RADIO: Dirty Deeds done expensive

Dirty Deeds AC/DC The Bear GigCity EdmontonIn the Bear radio station’s “Dirty Deeds” contest to win tickets to the sold-out AC/DC show at Commonwealth Stadium on Sept. 20, the first challenge was to call your wife and tell her your dog died … and another radio stunt goes over the line.

Asked to explain themselves, the cast of The Paul Brown Show – Brown, Yukon Jack, Gillian Foote and Ryan “RyMy” Maier – got on the phone after their show Monday morning:

“We like this contest not only because they have to do dirty deeds,” says Brown, “But there’s an AC/DC song! … and look at we can do …” (They chant in unison): “Oy! Oy! Oy! Oy!” Yukon Jack says, “Even though that’s not from Dirty Deeds, it might as well be because all AC/DC songs sound the same.”

The dead dog prank – which Yukon says was “in poor taste” – took place Monday morning.

“It was pretty rough,” says Brown. “Get it? Ruff? … I’d say the line of the morning from her was, ‘You better come home so we can cremate Tigger.’”

It wasn’t as bad as it could’ve been. Within seconds the victim was informed that Tigger is still very much alive AND the couple had won a pair of AC/DC tickets. The contestants cheered. So it’s all good.

GigCity Edmonton

Would you imagine this puppy dead to win AC/DC tickets?

Or is it? This is the latest episode in a disturbing trend to see how far people will abuse, humiliate and debase themselves to win concert tickets. Concert tickets! Turns out it’s pretty far. Dirty Deeds to come, which are kept secret until they’re unveiled day by day, also include calling your boss and quitting your job – for real. What’s next? Grandma’s dead? Cancer diagnosis? Face tattoo? Divorce your wife? Disown your children? Draw a picture of the Prophet Muhammad? I know, sorry – don’t give them ideas.

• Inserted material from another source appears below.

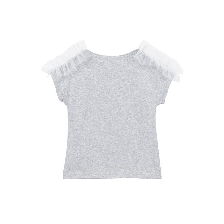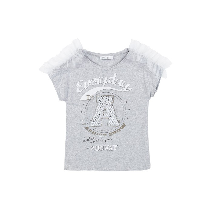Футболка Elsy – это идеальный выбор для маленьких модниц! Изготовленная из комбинации 95% хлопка и 5% эластана, она дополнена кружевными рукавами и стильным принтом с буквой "A" и надписью "Everyday is a fashion show". Нежная ткань и эластичные рукава создают комфорт и стильный образ. На фото видна аккуратная кружевная отделка на рукавах и стильный принт с блестками. Качество от итальянского бренда Elsy делает эту футболку отличным выбором для вашего ребенка!

Speaking seriously, the Bear morning crew says they’re sometimes shocked by what listeners will do – for concert tickets. In coming up with ever more extreme, sadistic, and depraved stunts for such contests, all radio people strive for the holy grail of radio: To attain that magical awkward moment where the listener thinks, “Oh my God, I shouldn’t be listening to this,” to get as close to the line as you can without going over it, or at least go over it just far enough without getting fired. The Dirty Deeds contest promises more of the same.

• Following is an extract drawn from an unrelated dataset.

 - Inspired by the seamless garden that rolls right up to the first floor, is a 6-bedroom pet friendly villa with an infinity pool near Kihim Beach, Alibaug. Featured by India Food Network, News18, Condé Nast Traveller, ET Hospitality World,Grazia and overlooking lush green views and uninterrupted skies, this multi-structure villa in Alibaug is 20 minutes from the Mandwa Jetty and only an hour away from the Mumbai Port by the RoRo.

Yukon says, “People will say, I’ll do anything to get tickets to this show! Well, you could’ve bought them. So obviously you’re not willing to do anything because you would’ve bought them. But when they get that desperate they’ll do pretty much anything.”

Gillian Foote says, “We always come up with ideas where we’re like, no one’s going to do this, but they always want to – and they do it!”

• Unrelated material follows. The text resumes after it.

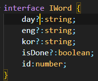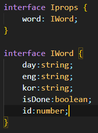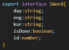 Word.tsx 에 만들어놓은 인터페이스 IWord 에 export 를 붙인다. export 하면 다른 파일에서도 IWord 인터페이스를 사용할 수 있다.
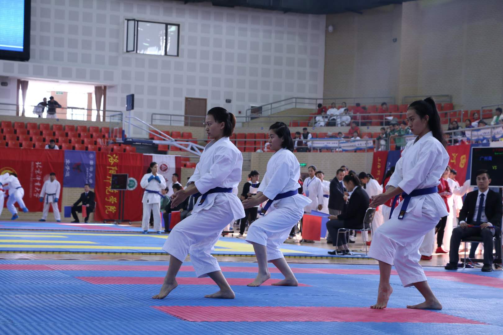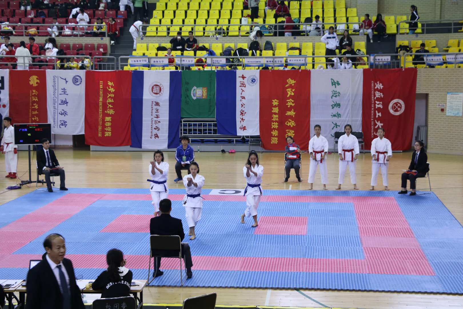 万象城allwincity官网江丹、颜乔、李佳玲在第八届中国大学生空手道锦标赛紧张激烈的比赛中

There is a limit. The Bear’s legal department has carefully vetted the Dirty Deeds, ranging from “awkward to awful to gross” (and in at least one case life-changing) “because we don’t want to put anyone in harm’s way,” Brown says. But there are unintended consequences. What if, just to imagine the worst, that the woman who was informed her dog died freaked out in unbearable grief, dropped the phone before the prank could be revealed, got in her car and then smashed it up, causing bodily injury or death?

It’s thoughts like these that keep radio station lawyers awake at night.